The previous day I had finally been offered a job teaching immigrant children how to read English. The problem was I didn’t know if things like the beauty of Central Park in the summer were enough to make me want to live in New York. Surely there were easier places to find work as a writer. Stench and city heat rose from the concrete thick enough to be visible. People barely seemed to notice one another.

This hesitation was reinforced when I rode out of Central Park and found myself in East Harlem. East Harlem was the only place where I held my bike chain in my hand and rode like I knew where I was going even when I didn’t.

The Morris Housing Projects had over thirty floors. The elevator door looked like it had been pried open with a crow bar at some point. There was either a muffled screaming, cat wailing, or child crying somewhere in the dark end of the first floor. I hit the stairs. Twenty-two floors worth of them. I could feel the piss smell working its way into my pores like diner grease. Footsteps seemed to echo below mine at the same pace from the eleventh to the nineteenth floor. Finally I was there. Ga-gump. Do do do do do do. Ga-gump. Bass thumps rattled the door gently as I knocked on it.

$3.35. That’s how much the order was. A football Nintendo game. A kid answered the door. He had large, chubby cheeks. On his head was a New York Yankees hat. He held out his hand. I put the game in it. A slight, but uncontrollable smile spread across his face. The bass thumps stopped. The kid handed me a five, nodded his head and turned towards a friend who was sitting at a computer in the corner. They had typed in a couple numbers, clicked a few squares, and now a sweating man was at their door holding their objet de desire. His friend won the smiling contest. I reached in my pocket for change. He waved a no with his pointer finger and closed the door. Heat hung in the hall and stuck onto the walls. This time the door wasn’t a movable wall. It came between us as pleasantly and as suddenly as the closing credits in an old black and white love story.

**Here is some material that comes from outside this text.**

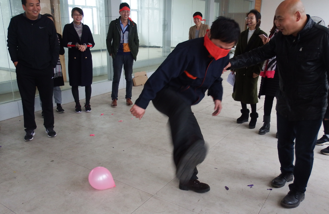 蒙眼踩氣球,一指揮一執(zhí)行,促進(jìn)了彼此之間的信任,提高了執(zhí)行力和溝通能力。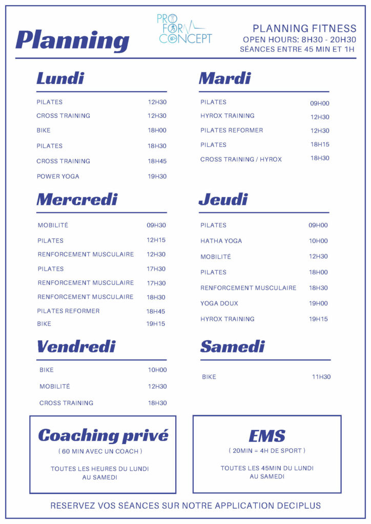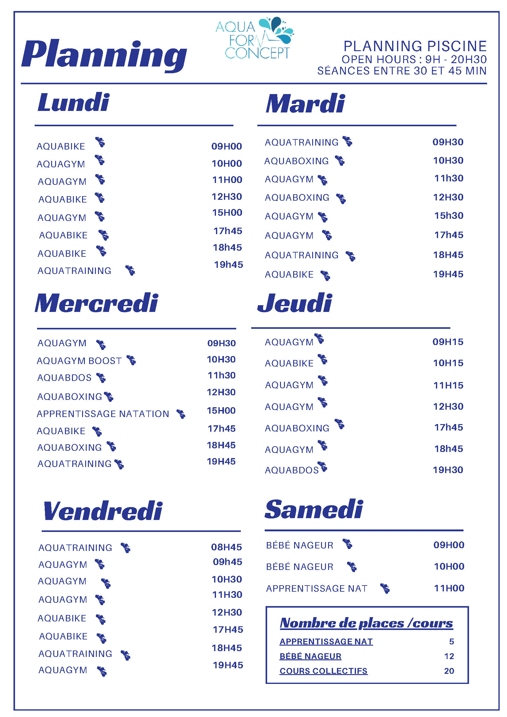 Découvrez les plannings des cours collectifs et des activités aquatiques

No one had ever tipped me like that. A guy gave me ten bucks once. But this was a lasting tip. There was an extra $1.65 in my hand, but like all numbers it would slip away with time. The tip never would. Within a week I would leave the job, but I wouldn’t leave New York. The bass thumps started up again as I left. And they beat repetitively, ga-gump, ga-gump, ga-gump, like a heartbeat.